Back up the LUKS header before changing keyslots:

```sh
sudo cryptsetup luksHeaderBackup /dev/disk/by-id/YOUR_VOLUME \
  --header-backup-file luks-header-backup.img
```

## Volume bind path

1. [Confirm recovery material and header backup](#before-you-start).
2. Register a Panocrypt device and copy the **Existing LUKS** device URL.
3. [Bind an unused keyslot](#bind-the-volume) to the Panocrypt device URL.
4. [Close and reopen the volume](#test-managed-unlock) through Clevis.
5. Test allowed, denied, and optional manual-approval unlock behavior.
6. Review unlock decision evidence in Panocrypt.

## Bind the volume

Set the block-device path and Panocrypt URL explicitly. Prefer stable
`/dev/disk/by-id/...` or `/dev/disk/by-uuid/...` paths over short names like
`/dev/sdb`.

```sh
export LUKS_DEVICE="/dev/disk/by-id/YOUR_VOLUME"
export PANOCRYPT_DEVICE_URL="https://tango.panocrypt.com/YOUR_ORG/YOUR_DEVICE"
export RECOVERY_KEY="/path/to/customer-held-recovery-key"

export CLEVIS_CFG="$(printf '{"url":"%s"}' "$PANOCRYPT_DEVICE_URL")"
sudo clevis luks bind -y -k "$RECOVERY_KEY" -d "$LUKS_DEVICE" tang "$CLEVIS_CFG"
```

Confirm the token:

```sh
sudo clevis luks list -d "$LUKS_DEVICE"
sudo cryptsetup luksDump "$LUKS_DEVICE" | sed -n '/Keyslots:/,/Tokens:/p'
```

The Panocrypt binding uses one LUKS keyslot.

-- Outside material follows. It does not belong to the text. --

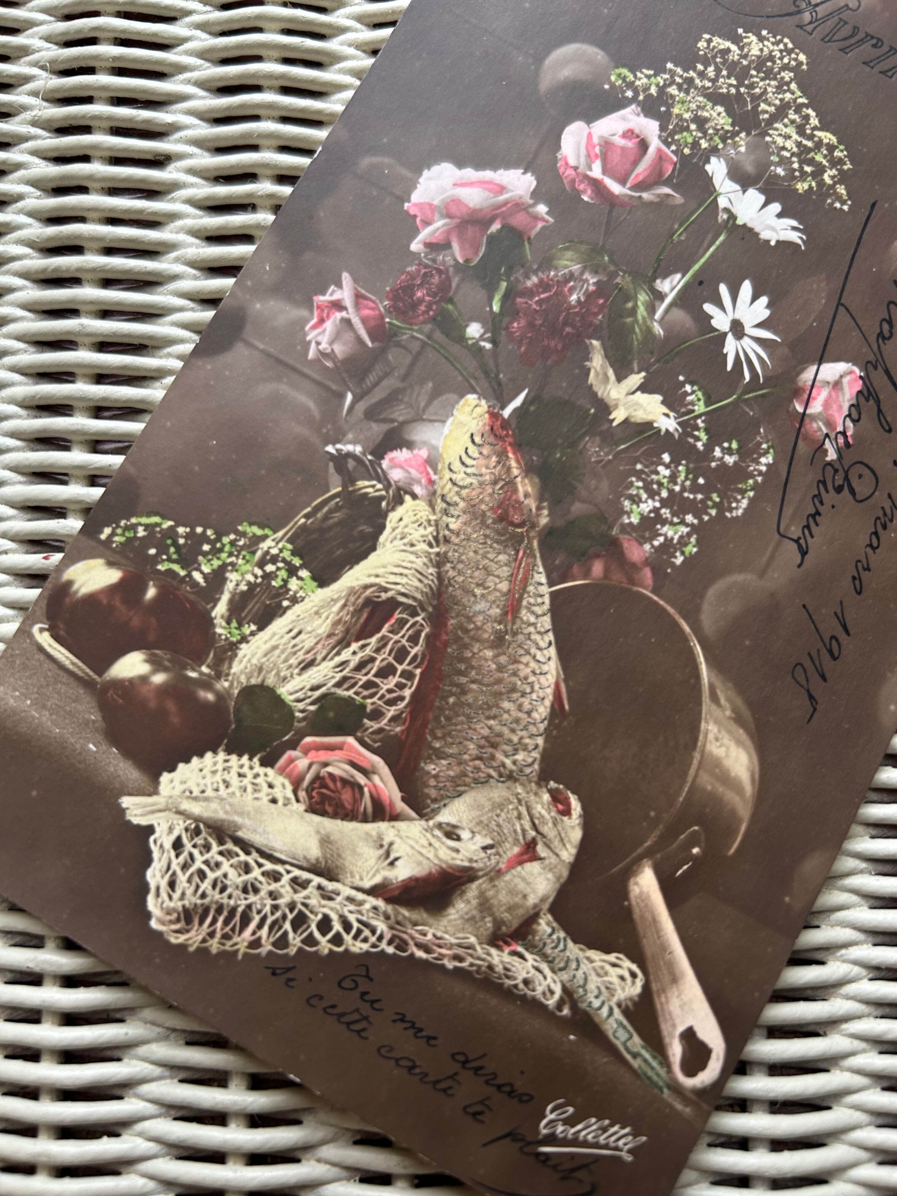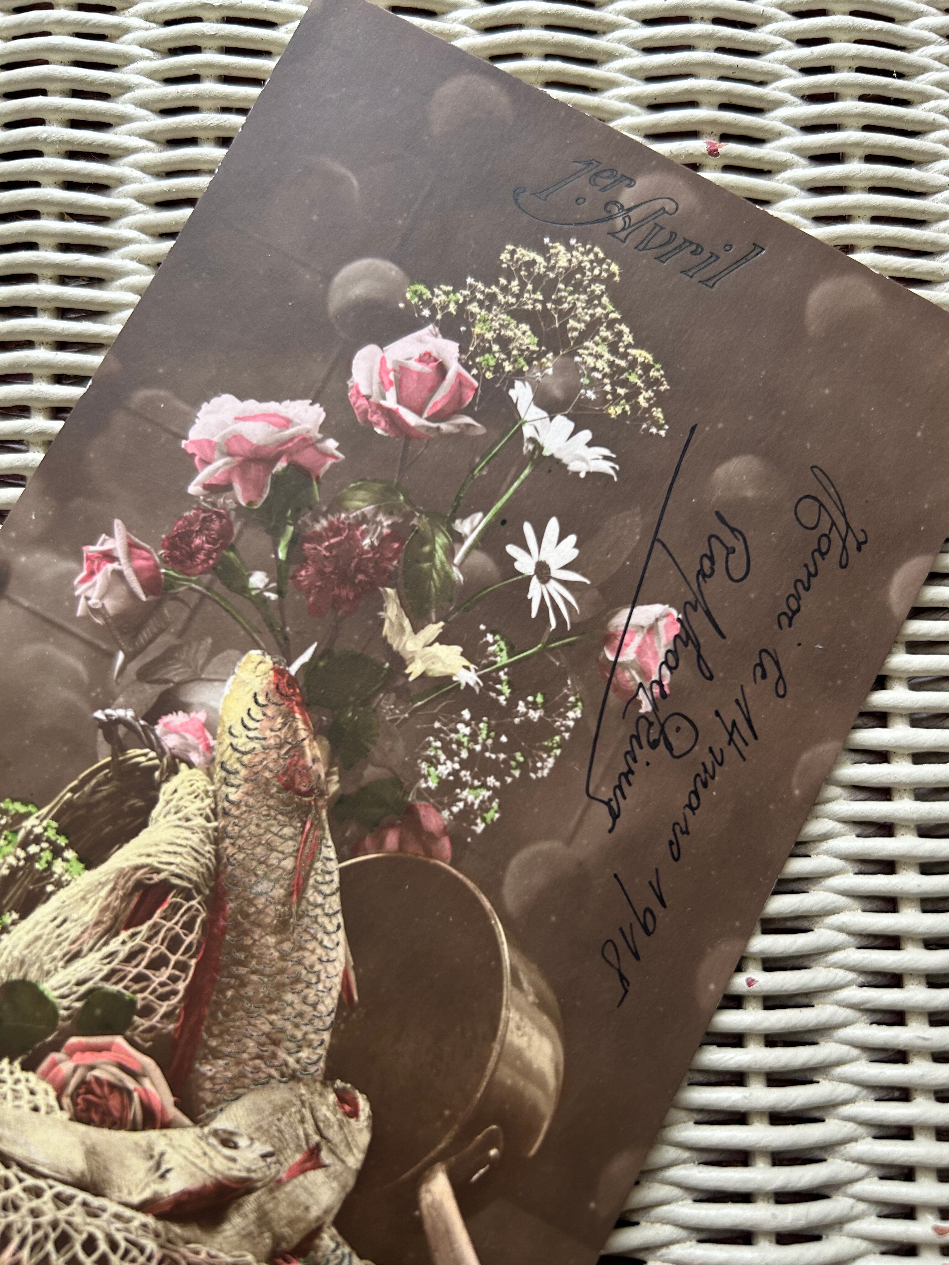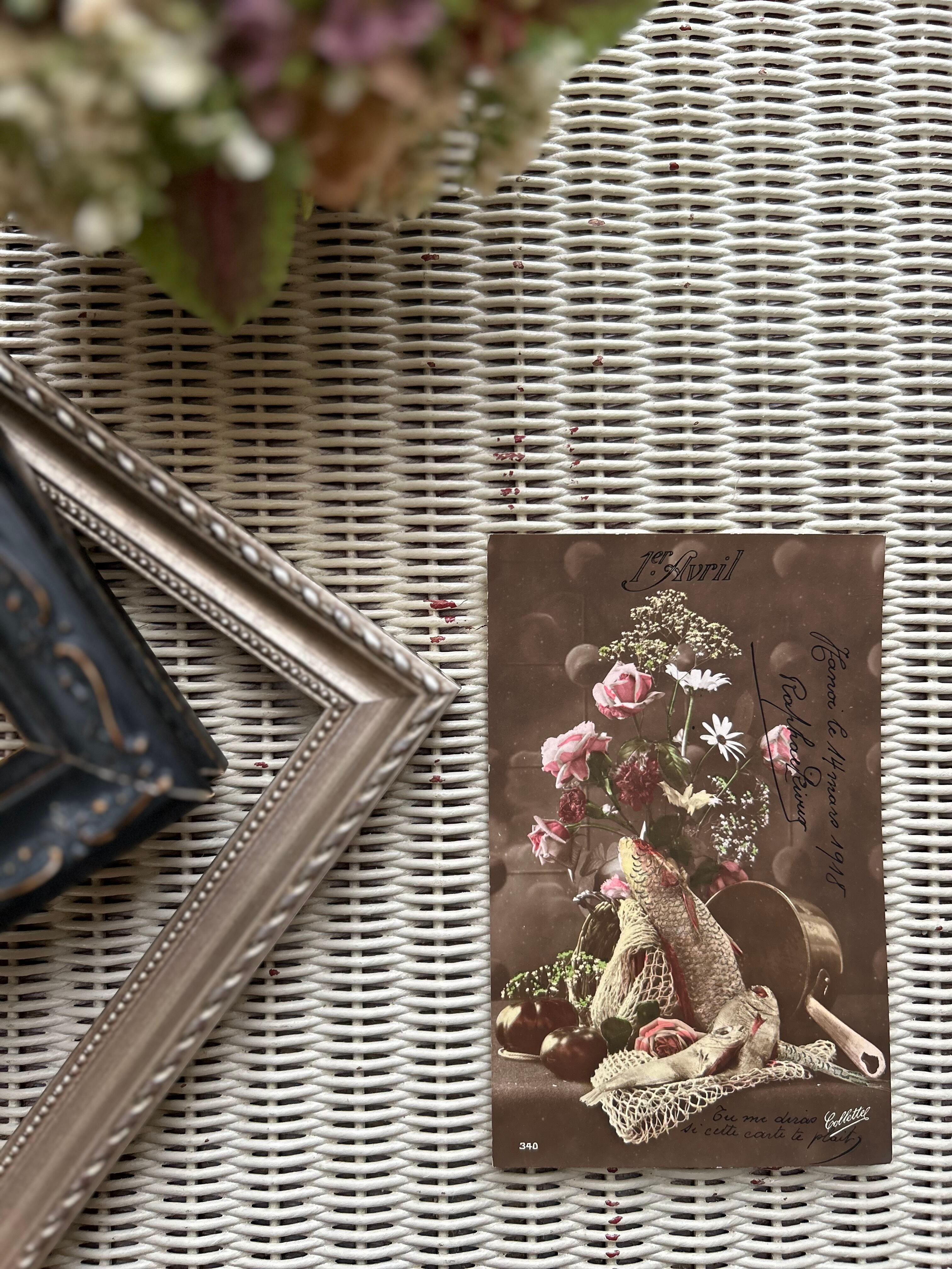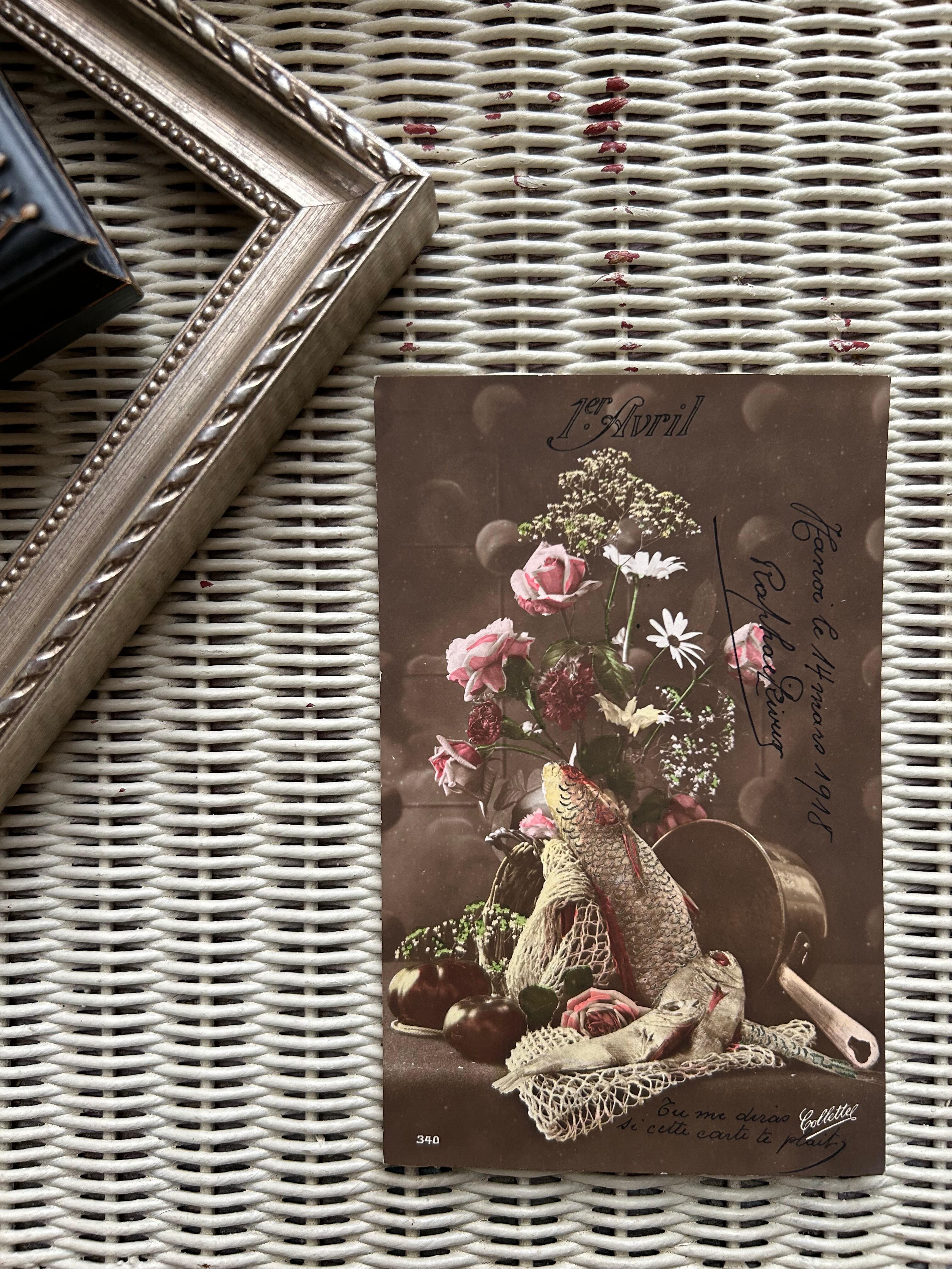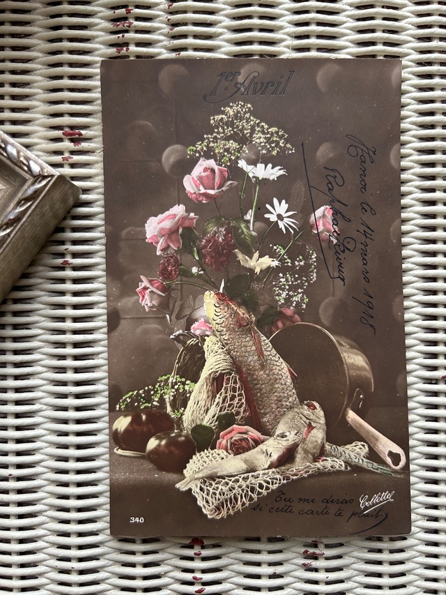 アンティークポストカード Poisson d'Avril 4月の魚 1918年 額装 インテリア フランス

Your customer-held recovery
material should remain available through a separate local path.

## Test managed unlock

Close the mapper only when it is safe for the application using this volume.

```sh
sudo umount /mount/point
sudo cryptsetup close YOUR_MAPPER_NAME
sudo clevis luks unlock -d "$LUKS_DEVICE" -n YOUR_MAPPER_NAME
sudo mount /dev/mapper/YOUR_MAPPER_NAME /mount/point
```

If the unlock succeeds, Panocrypt allowed that managed unlock under the
current device policy. Review the device activity in the console.

To prove denied unlock, disable managed unlock for the device or remove the
host from **Direct Allowed IPs**, close the mapper again, and retry:

```sh
if sudo clevis luks unlock -d "$LUKS_DEVICE" -n YOUR_MAPPER_NAME; then
  echo "unexpected: managed unlock succeeded"
  exit 1
else
  echo "expected: Panocrypt-managed unlock was denied"
fi
```

## Use unlock controls

Use these operation pages for control tests after the volume is bound.

| Task | Where |
|---|---|
| Disable or restore managed unlock | [Disable unlocks](https://docs.panocrypt.com/operations/disable-unlocks/) |
| Allow a single future unlock | [Source IP and one-time unlocks](https://docs.panocrypt.com/operations/source-ip-and-one-time-unlocks/) |
| Require approval before unlock | [Approval groups](https://docs.panocrypt.com/operations/approval-groups/) |
| Review source policy | [Source IP and one-time unlocks](https://docs.panocrypt.com/operations/source-ip-and-one-time-unlocks/) |
| Review evidence | Device detail -> **Recent activity** or **Audit** |

## Remove the binding

Removing Panocrypt from the local LUKS device means removing the
Panocrypt-bound Clevis keyslot after you confirm another local recovery path
works. The disk can stay encrypted, and independent recovery keyslots remain
yours.

Use [Remove Panocrypt from a LUKS device](https://docs.panocrypt.com/trust/remove-panocrypt-binding/)
for the recovery checks, slot inspection, removal command, and verification
steps.

## Operating boundary

You bound a real LUKS volume to Panocrypt through standard Clevis tooling and
verified that Panocrypt can allow or deny future managed unlock. The host still
owns local LUKS recovery material and local keyslot management.